Other benign lesions of the spleen are uncommon. Inflammatory pseudotumor of the spleen is a reactive lesion characterized by a mixture of inflammatory cells and disorganized spindle cells.33 This tumor is typically found incidentally and is generally asymptomatic but may present with systemic symptoms such as fever, malaise, and weight loss. Inflammatory pseudotumor is infiltrative in nature and may mimic malignant lymphoproliferative disease. Splenic hamartomas are composed of irregular vascular channels lined by splenic sinus endothelium with a disorganized reticulin stroma.
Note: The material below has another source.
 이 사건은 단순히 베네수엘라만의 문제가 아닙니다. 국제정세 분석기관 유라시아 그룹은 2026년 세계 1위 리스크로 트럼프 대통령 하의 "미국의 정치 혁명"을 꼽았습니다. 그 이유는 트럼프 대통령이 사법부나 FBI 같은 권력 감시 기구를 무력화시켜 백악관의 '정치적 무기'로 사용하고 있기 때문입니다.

Splenic hamartomas are uncommon with autopsy series noting an incidence of 0.024–0.13%. Peliosis is not a true neoplastic lesion but a blood-filled cystic lesion without an endothelial lining that may be associated with focal, patchy, or diffuse involvement of the spleen. This lesion is likely reactive as it has been associated with steroids, oral contraceptives, immunosuppression medications, tuberculosis, renal disease, and malignancy. Other benign splenic tumors, such as angiomyolipoma, lipoma, hemangiopericytoma, and fibroma are rare.
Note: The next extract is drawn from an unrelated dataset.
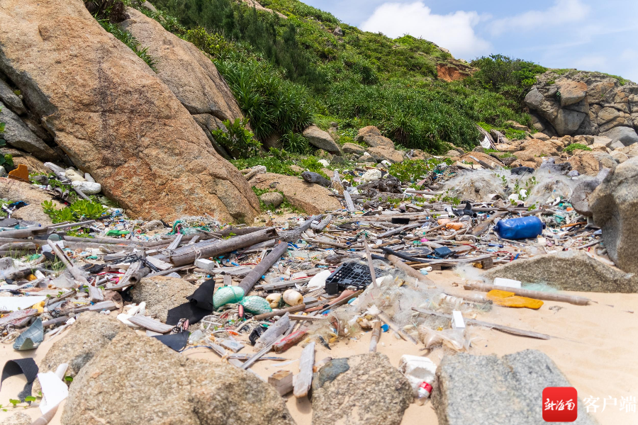 文昌銅鼓嶺鱷魚嘴海邊,垃圾四處散落。記者 曹志 攝

Primary, nonlymphoid, malignant tumors of the spleen are exceedingly rare. These include angiosarcomas, malignant fibrous histiocytomas, and plasmacytomas. Angiosarcoma is the most common nonlymphoid primary malignant neoplasm of the spleen. The clinical presentation may include abdominal pain, left upper quadrant abdominal mass, and constitutional symptoms. Metastasis is frequent and often involves the liver. Spontaneous rupture has been reported and is associated with a dismal outcome. Normocytic anemia is present in the majority of cases. Splenomegaly with hypersplenism is also seen. CT imaging often identifies a splenic lesion with central necrosis. The primary treatment is splenectomy. Cisplatin-based chemotherapy has also been used. However, even without rupture, splenic angiosarcoma holds a poor prognosis. Recent studies have reported respective 1-, 3- and 5-year survival rates of 60, 40, and 40%.34
Splenic metastasis of nonhematologic malignancies is rarely seen clinically and usually represents widespread dissemination of disease. In a review of a German oncological database, only 0.002% of those with a malignancy developed reported splenic metastasis, with isolated splenic metastasis being extremely rare.35 Despite lack of clinically evident splenic metastasis, postmortem evidence of splenic metastasis is reported to be higher, although the exact prevalence of this is debated, with older literature reporting rates as high as 34%, while contemporary reports put this rate at approximately 3%.36
The diagnosis of malignancy can be confirmed by positron emission tomography (PET) scanning, although percutaneous biopsies for isolated lesions can also be performed (Fig. 62-13).28
The patient was found to have a splenic lesion on CT which was active on PET scan. She subsequently underwent a splenectomy to obtain a tissue diagnosis.